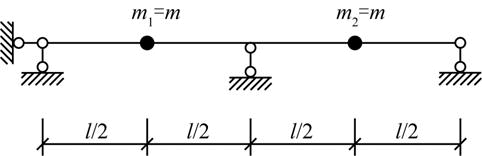 图示体系(各杆抗弯刚度EI相同)的第二主振型(设质点位移以向下为正)Y12/Y22为( )。
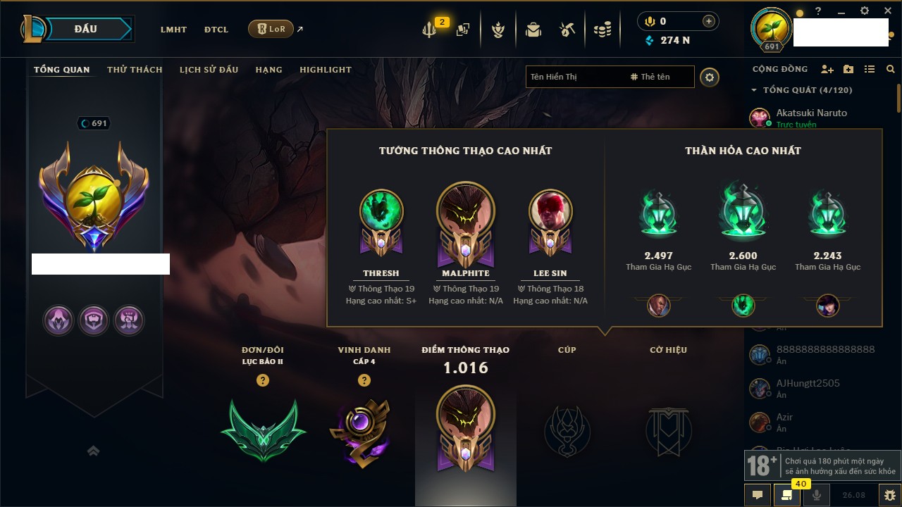 Rank Đơn: Bạch Kim IKhung: Bạch kimTướng: 172 - Còn 112652 THXTrang Phục: 318Rank ĐTCL: Chưa RankLinh Thú: 66
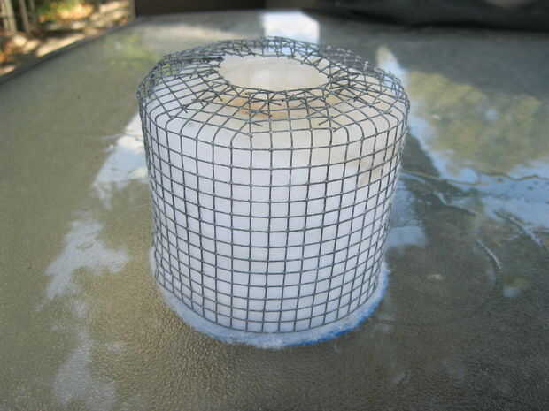 después de mirar algunas de las otras sugerencias que pensé que podría subir con mi propia versión de un filtro de la piscina. y que sea reutilizable. Así que empecé con un filtro que había lavado y blanqueado un par de veces. Hay una tapa de plástico superior e inferior incrustada en el papel de filtro. El núcleo plástico es sostenido en lugar por el papel y las tapas. Usted necesitará lo siguiente:
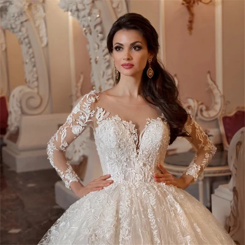 Кружевное свадебное платье с круглым вырезом и длинными рукавами, с...
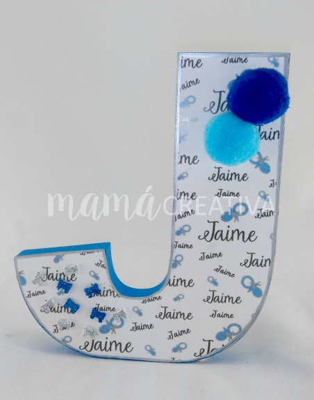 Hola ¿qué tal? Hoy os quiero enseñar el último encargo que he recibido, una letra de madera personalizada.En este caso la letra está pintada de azul, y decorada con el nombre de Jaime y unos chupetes, es para un regalo a un recién nacido. El detalle ideal en estos casos ya que es original y personalizada, y seguro que queda genial en la habitación del bebé.Estas letras también las están utilizando ...
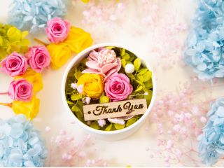 *:._かわいい!おしゃれ!プリザーブドフラワーのサークルボックスアレンジ体験レッスン_.:*女性・ファミリーにおすすめ★
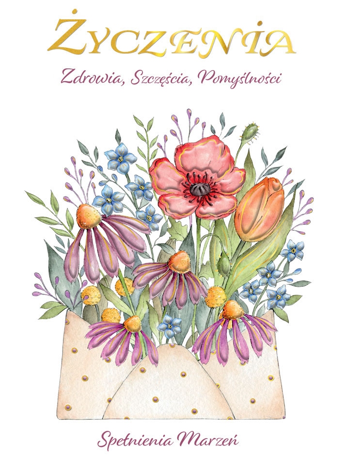 Karnet okolicznościowy w formacie b6 w zestawie z kopertą. Złocony i tłoczony.
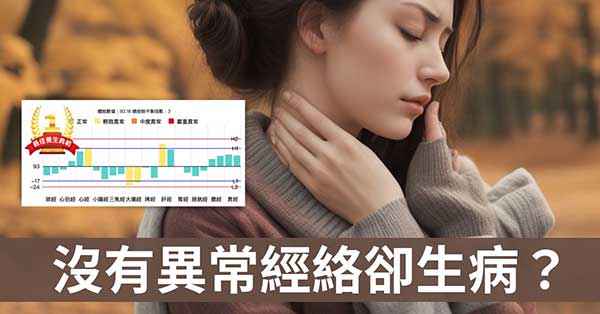 然而,由於他們的器官在過去已經發生過病變,而且開過刀,因此就算經絡呈現沒有異常經絡現象,依然可能會出現特定部位的、疼痛或症狀。
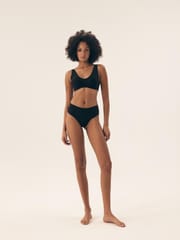Figi damskie z gładkiej, delikatnej mikrofibry z delikatnie zabudowanymi biodrami. Boki ozdobione wstawkami z siateczki, pas płasko wykończony. Pakowane po 2 szt. Skład: 85% poliamid, 15% elastan.
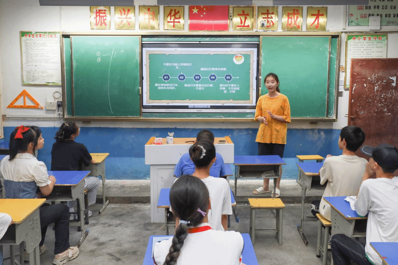 “因为我们的学生中有很大一部分是留守儿童,父母长时间不在家,所以留守儿童安全教育显得尤为重要。”“音为爱”暑期社会实践团队长、音乐学专业2021级的尹保庭表示,团队来到腊树初级中学开展“三下乡”活动旨在面向学生进行教育关爱,除了开展艺术课程,学生们的安全教育也要放在心上。
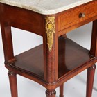 A pair of mid-20th century French Neoclassical Revival mahogany and gilt metal mounted bedside cabinets with shaped marble tops, height 82cm, width 46cm, depth 32cm.
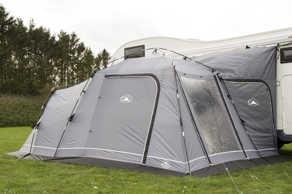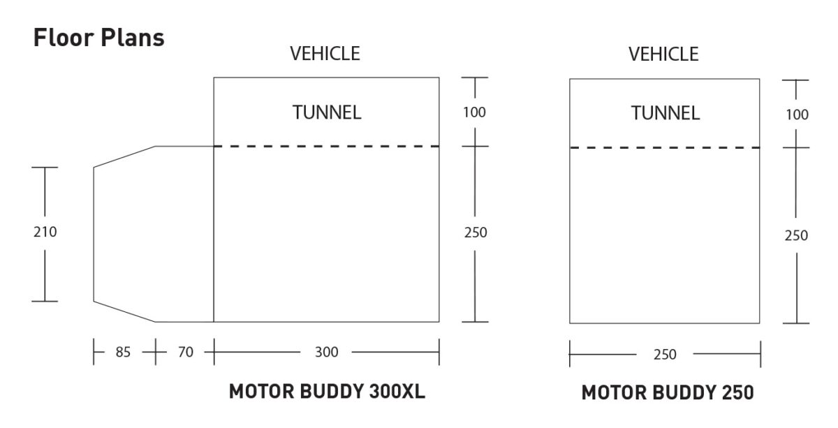 The Motor Buddy 300 is top of the line and the newest in the Sunncamp range. This model features a zipped rear access panel which is useful for complete accessibility between your motorhome and awning. It also offers a fibreglass frame which is great for increased stability and protection.
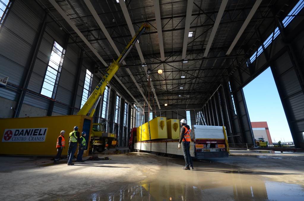 Assembly operations in the Cryostat Workshop took place on two 30 x 30 metre platforms that also acted as transport platforms as the sections left the building powered by self-propelled modular transporters.
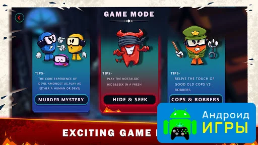 Разработчики подготовили несколько оригинальных игровых форматов, каждый из которых имеет собственные правила и атмосферу. Игрокам доступны три режима:- тайное убийство. Классическая механика поиска предателя, где один или несколько участников становятся дьяволами, а остальные должны вычислить их, прежде чем погибнут все;
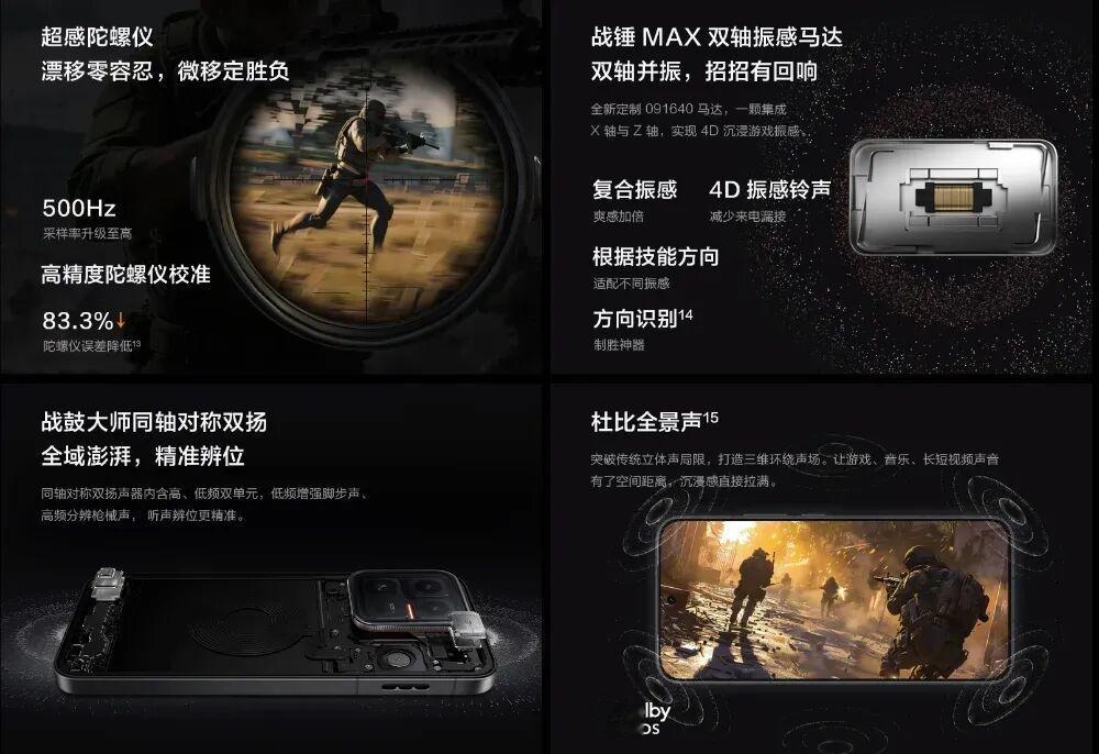 还有超感游戏肩键、超感陀螺仪和超感触控。首发战锤 MAX 双轴振感马达,搭配战鼓大师双扬与杜比全景声。

□ □ □

_WORK TASK:_ Starting at the top of the listing above, reproduce each line up to and including the one with "Assembly operations in"; omit the pictures.

_RESULT FOR THIS EXERCISE:_
 图示体系(各杆抗弯刚度EI相同)的第二主振型(设质点位移以向下为正)Y12/Y22为( )。
 Rank Đơn: Bạch Kim IKhung: Bạch kimTướng: 172 - Còn 112652 THXTrang Phục: 318Rank ĐTCL: Chưa RankLinh Thú: 66
 después de mirar algunas de las otras sugerencias que pensé que podría subir con mi propia versión de un filtro de la piscina. y que sea reutilizable. Así que empecé con un filtro que había lavado y blanqueado un par de veces. Hay una tapa de plástico superior e inferior incrustada en el papel de filtro. El núcleo plástico es sostenido en lugar por el papel y las tapas. Usted necesitará lo siguiente:
 Кружевное свадебное платье с круглым вырезом и длинными рукавами, с...
 Hola ¿qué tal? Hoy os quiero enseñar el último encargo que he recibido, una letra de madera personalizada.En este caso la letra está pintada de azul, y decorada con el nombre de Jaime y unos chupetes, es para un regalo a un recién nacido. El detalle ideal en estos casos ya que es original y personalizada, y seguro que queda genial en la habitación del bebé.Estas letras también las están utilizando ...
 *:._かわいい!おしゃれ!プリザーブドフラワーのサークルボックスアレンジ体験レッスン_.:*女性・ファミリーにおすすめ★
 Karnet okolicznościowy w formacie b6 w zestawie z kopertą. Złocony i tłoczony.
 然而,由於他們的器官在過去已經發生過病變,而且開過刀,因此就算經絡呈現沒有異常經絡現象,依然可能會出現特定部位的、疼痛或症狀。
Figi damskie z gładkiej, delikatnej mikrofibry z delikatnie zabudowanymi biodrami. Boki ozdobione wstawkami z siateczki, pas płasko wykończony. Pakowane po 2 szt. Skład: 85% poliamid, 15% elastan.
 “因为我们的学生中有很大一部分是留守儿童,父母长时间不在家,所以留守儿童安全教育显得尤为重要。”“音为爱”暑期社会实践团队长、音乐学专业2021级的尹保庭表示,团队来到腊树初级中学开展“三下乡”活动旨在面向学生进行教育关爱,除了开展艺术课程,学生们的安全教育也要放在心上。
 A pair of mid-20th century French Neoclassical Revival mahogany and gilt metal mounted bedside cabinets with shaped marble tops, height 82cm, width 46cm, depth 32cm.
 The Motor Buddy 300 is top of the line and the newest in the Sunncamp range. This model features a zipped rear access panel which is useful for complete accessibility between your motorhome and awning. It also offers a fibreglass frame which is great for increased stability and protection.
 Assembly operations in the Cryostat Workshop took place on two 30 x 30 metre platforms that also acted as transport platforms as the sections left the building powered by self-propelled modular transporters.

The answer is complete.